The fall and winter window when brood is reduced, typically November through January in northern Georgia and shorter or sometimes absent in southern Georgia near the coast, is the best opportunity for treatments that require reduced brood. Even in this window, you should inspect before treating with OAV to confirm broodlessness or reduced brood status rather than assuming the calendar date is sufficient.
Treatment Options for Georgia Conditions
Apivar (amitraz) is the workhorse treatment for Georgia operations. It is effective across the state's typical temperature range and does not have the strict upper temperature limit that formic acid does. Two full treatment cycles per year, in fall after the main nectar flow ends and again in late winter before the spring buildup, keep mite pressure manageable for most operations.
MAQS (formic acid) is useful in Georgia during the cooler months when temperatures are reliably in the 50 to 85 degree range. In summer, Georgia temperatures frequently exceed 85 degrees, pushing MAQS outside its safe application window. Restrict MAQS to October through April in most of the state.
OAV should be used whenever you can find or create a broodless period. For most Georgia beekeepers, this means using OAV during the coldest stretch of winter when the queen has naturally paused. Some beekeepers create an artificial broodless period by caging the queen for 24 days in late summer, then applying OAV three times, five days apart. This approach, called an artificial brood break, is more labor intensive but can be very effective.
Thymol products (Apiguard, Api Life Var) work best when ambient temperatures are between 60 and 105 degrees Fahrenheit. Georgia's fall, winter, and spring offer suitable temperatures for thymol-based treatments, making these a reasonable rotation option.
Summer Management in Georgia
Georgia summers are the hardest time for varroa management. Heat limits formic acid. Honey supers are often on, restricting Apivar. Mite populations are building through the long brood season. This combination creates peak mite pressure exactly when the fewest treatment options are available.
Options for summer management:
- Monitor closely. Count every 4 weeks from April through September.
- Use MAQS in May and June before temperatures exceed 85 degrees reliably.
- Consider splitting active hives to create temporary brood breaks in the queenless portions.
- If counts exceed threshold in July or August with supers on, remove supers, treat with Apivar, and replace supers after the treatment course.
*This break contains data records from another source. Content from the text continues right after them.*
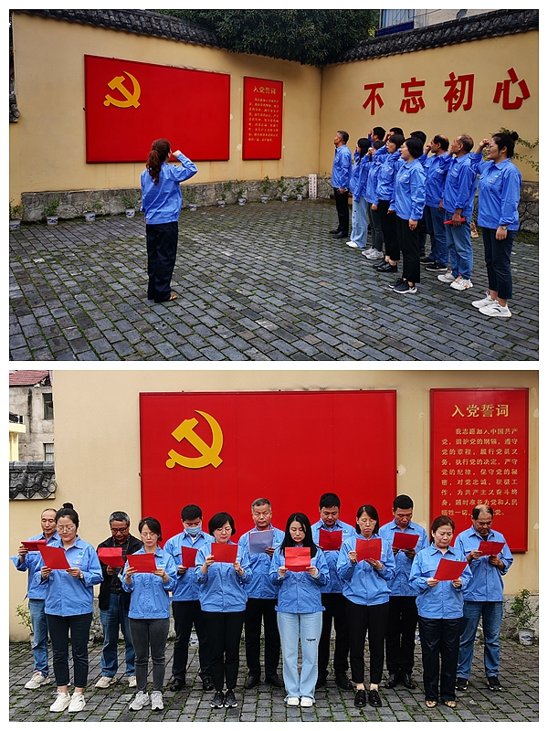 小廣場黨旗下,在支部書記龍智湘的帶領下,同志們舉起右手,握緊拳頭,莊嚴宣誓為共產主義事業奮斗終身,為實現中華民族的偉大復興而努力奮斗,重溫入黨誓詞。隨后,集體詩歌朗誦《黨旗下》,所有人員精神抖擻、全神貫注,用抑揚頓挫的聲音和激情昂揚的語氣認真誦讀每字每句,訴說著我們永遠不變的莊嚴誓言。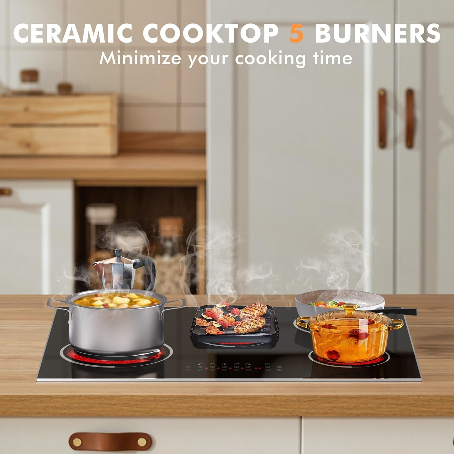 - 【Multifunctional Electric Cooktop 5 Burners】If you don't like those knob model electric cooktop, you can try our sensor touch control electric cootkop, which has more function that help cooking, such as 99-minute timer, auto shut-off, safety lock, high temperature warning, overheat protection, pause function, etc. Our 30 inch electric cooktop with these features not only make your cooking easier but also protect your safety better.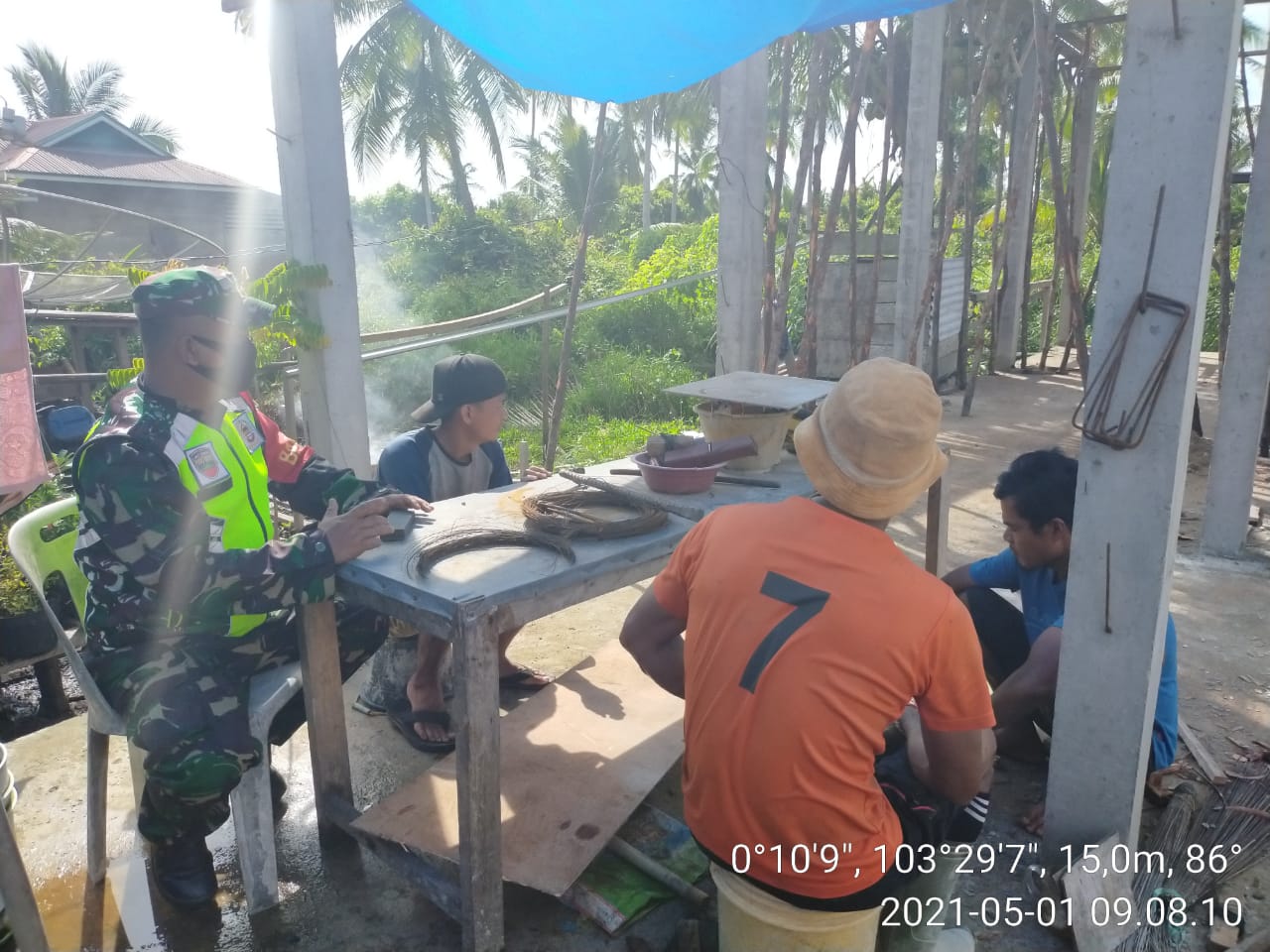 Tampak warganya yang tidak memakai masker di sebuah musholla yang sedang dibangun,Babinsa menemuinya dan berikan nasehat kepada warga tersebut agar patuh memakai masker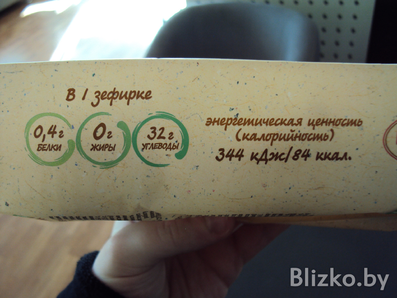 А вот энергетическая и пищевая ценности указаны. В одной зефирке содержится 0,4 грамма белка, 32 грамма углеводов и никаких жиров, 344 килоджоулей и 84 килокалории.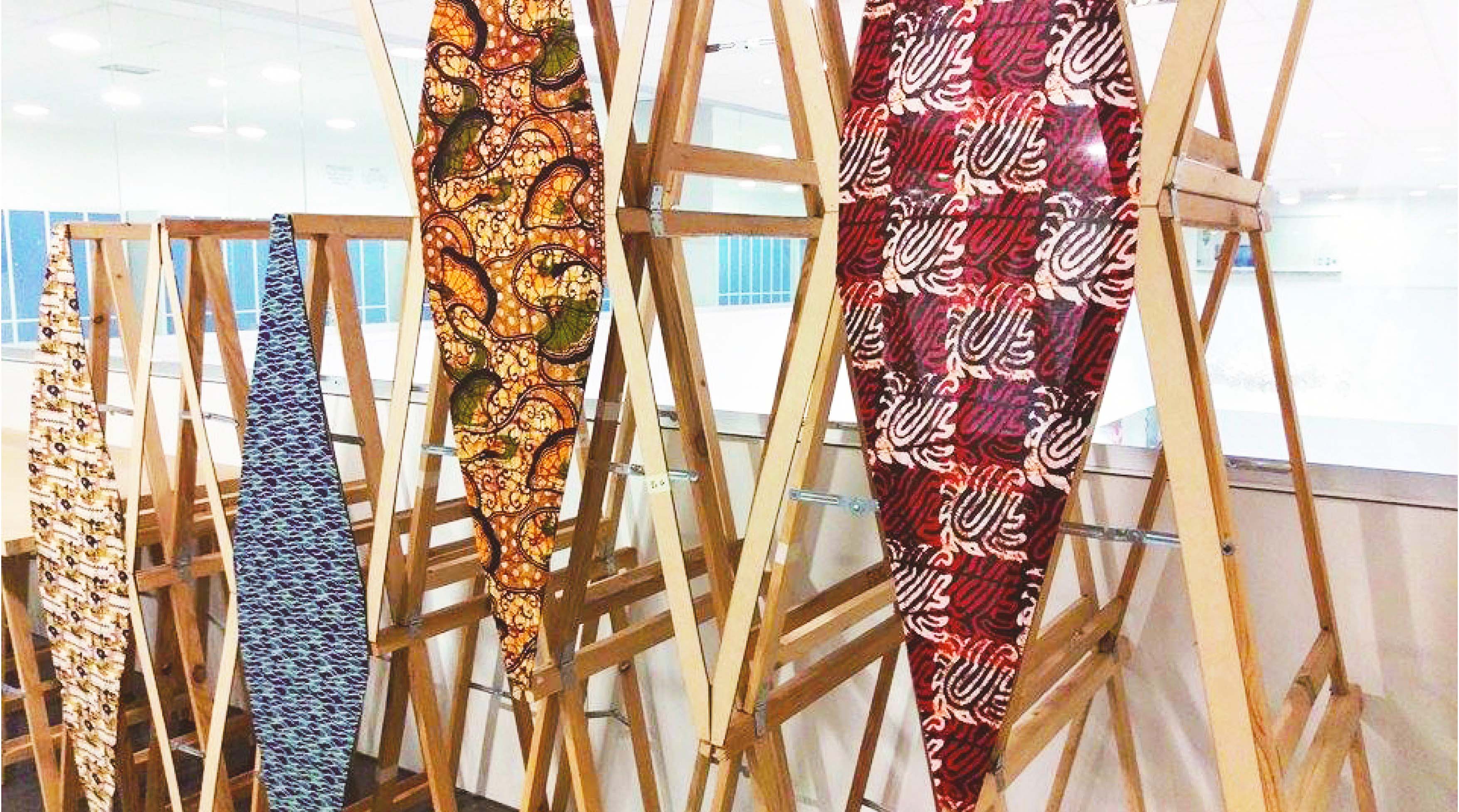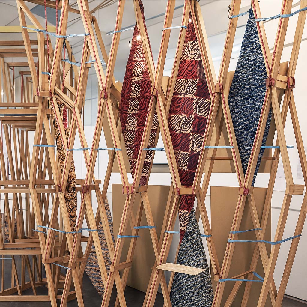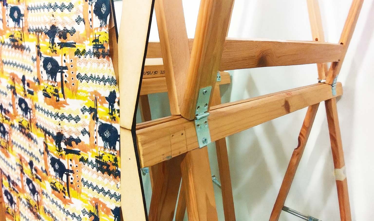 木條支架是主要元素。它們本身就是一個穩定的物體,堆疊起來形成一個隔間,在展示櫃中扮演結構的角色。如同紙牌屋一樣,一面兩公尺高的自支撐牆被搭建起來,作為展覽的支撐。構成畫布的數位圖騰織物,用於展示學生的繪畫和照片,並巧妙地安裝在結構體上。

The decision to pull supers for summer treatment is a real revenue tradeoff. Calculate the value of the honey you would harvest against the cost of colony losses from untreated mite levels. In most cases, treating and losing a few weeks of production is far less costly than losing the colony entirely before fall.
Record-Keeping for Year-Round Management
Georgia's year-round brood season means treatment events are spread across more months than a northern operation's records show. Tracking which products were used in which months is essential for maintaining a legitimate rotation program. Without records, it is easy to apply Apivar in fall, forget what you used in spring, and apply Apivar again because it is what is on the shelf.
VarroaVault's treatment history view shows you what was applied and when across the full calendar, making it straightforward to maintain a diversified rotation even in a 10-month management season. The treatment rotation planning guide offers a framework for adapting rotation schedules to the extended brood season in the Southeast.
Varroa and Southern Small Hive Beetles
Georgia beekeepers deal with small hive beetles (SHB) alongside varroa, and these pests interact in ways that compound management challenges. Weak colonies, including those weakened by high mite loads, are more vulnerable to SHB infestations. Keeping mite levels low is one of the best things you can do to maintain the colony strength that resists beetles.